Facebook and the power of print

Jo Francis says that it is super-significant that online giant Facebook has turned to old media to get an important message across.

Back in June I was heading to the continent to see some new print tech, and while leafing through BA’s inflight business magazine I came across a supplement bound into the middle of it.

This turned out to be Grow, a magazine about thought leadership produced by Facebook. The supplement was a taster of the full magazine which is, apparently, available in British Airways business lounges at Heathrow and Gatwick and has been sent out as a marketing piece.

Not being a lounge type of traveller, I’m yet to see the standalone product, but it piqued my interest that Facebook had chosen to turn to the power of print to put this particular message across.
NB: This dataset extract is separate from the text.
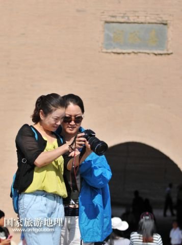 8月10日,兩名游客在嘉峪關(guān)城門(mén)前查看照片。

Grow was published just after the Facebook/Cambridge Analytica scandal hit peak outrage, and in her welcome message to the taster edition Facebook’s EMEA boss Nicola Mendelsohn continued the rolling-around-on-the-carpet-in-remorse theme, taking “a moment to acknowledge recent events” and pledging to “take meaningful steps to guard against those who abuse our platform”.

Over the intervening weeks, something else has been notable. It seems I can’t open a newspaper or magazine, or indeed pass a bus stop, without seeing Facebook’s ‘Fake news is not our friend’ campaign.

They must be spending an eye-watering amount on it, and, who knows, maybe Facebook is single-handedly responsible for the recent uplift in newspaper advertising.

It’s hugely significant that Facebook has turned to ‘old’ media, and trusted publishing channels to get this message across, when its own platform was facing so much distrust.

This is something for the industry at large to take note of, a jewel of a fact that is not so much fake news as excellent news.